Overall economic growth will easily cross the peak we reached in the fourth quarter of 2019 in the second quarter of 2021. Data on the first quarter is due out tomorrow; it appears that growth accelerated at close to a 7% pace after nearly screeching to a halt at the end of 2020. We averted a double-dip recession by ramping up vaccinations and massive emergency aid and stimulus. The economy is poised to post the strongest annual growth since 1984 this year after contracting sharply during 2020. The recovery in employment, however, is lagging that in the overall economy. A rising tide has not lifted all boats. Powell emphasized multiple times that we are still down about 8.5 million jobs from the pandemic.

Bubble? Powell addressed concerns about affordability in the housing market. He pointed out that the mortgages that are currently being underwritten are much better quality than they were leading up to the global financial crisis. However, the Fed is watching the surge in housing prices; affordability for entry-level buyers is becoming a problem.

Tight Labor Markets? Powell was questioned about why some workers are not coming back to work yet. He listed a litany of issues that are unique to the pandemic: lack of child care, fear of contagion, access to vaccinations and a jump in retirements at the onset of the crisis. These are all constricting the supply of workers. He noted supplements to unemployment insurance as a lesser factor that is scheduled to run out in September. We still are not seeing the kind of rise in wages that would be consistent with a tight labor market. Complaints of labor market tightness were common in the aftermath of the last recession but did not show up in wages until almost a decade after the recovery started. It took tight labor markets for employers to cast a wider net to find workers.

Powell noted that many of the Fed’s sources have adopted existing technologies that are boosting productivity growth, even in the service sector. Those increases in productivity growth, particularly at large firms, are likely to preserve profit margins and dampen the need to raise prices even as some wages go up. Rising wages at large employers have spillover effects on smaller employers who are unable to absorb those shocks. Those shifts, coupled with the business failures triggered by the pandemic, have wiped out “the work of generations.”

Powell was asked directly about criticisms from former Treasury Secretary Larry Summers that inflation will become more of a problem, like the 1970s. He reiterated the Fed’s understanding of base effects and bottlenecks. The Fed knows that the base effects will disappear in a few months. It is less clear how long it will take for bottlenecks to dissipate. If the Fed is wrong in its assessment, and inflation picks up in a more sustained way, it will deal with it. “We know our job; we will do our job,” he said in response to Summers.

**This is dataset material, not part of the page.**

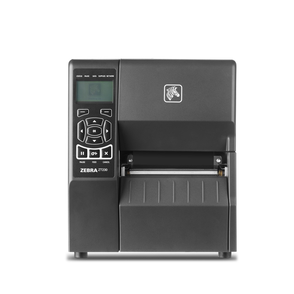 -Imprimante étiquette industrielle Zebra ZT230, langage ZPL et EPL, 203 dpi, transfert thermique avec massicot et port USB, série et Zebranet interne 10/100.

Powell was asked about going to the homeless encampment that is near his office that he said keeps him awake at night on 60 Minutes. He said he will visit it but “not in the public eye.” He talked about his previous conversations with homeless people and why that’s important. “Homeless people...that could be you, your sister, your kid,” he said. I have never heard a Fed Chairman speak so compassionately about the most marginalized of workers. Refreshing.

Bottom Line
We were in a deep hole a year ago. We are finally rebounding with vaccinations and record stimulus, but it will take time. The Fed has decided it is more willing to risk a bit of overheating than derail a burgeoning boom. We need a boom to recover what was lost to the crisis, and get back to our pre-pandemic trend.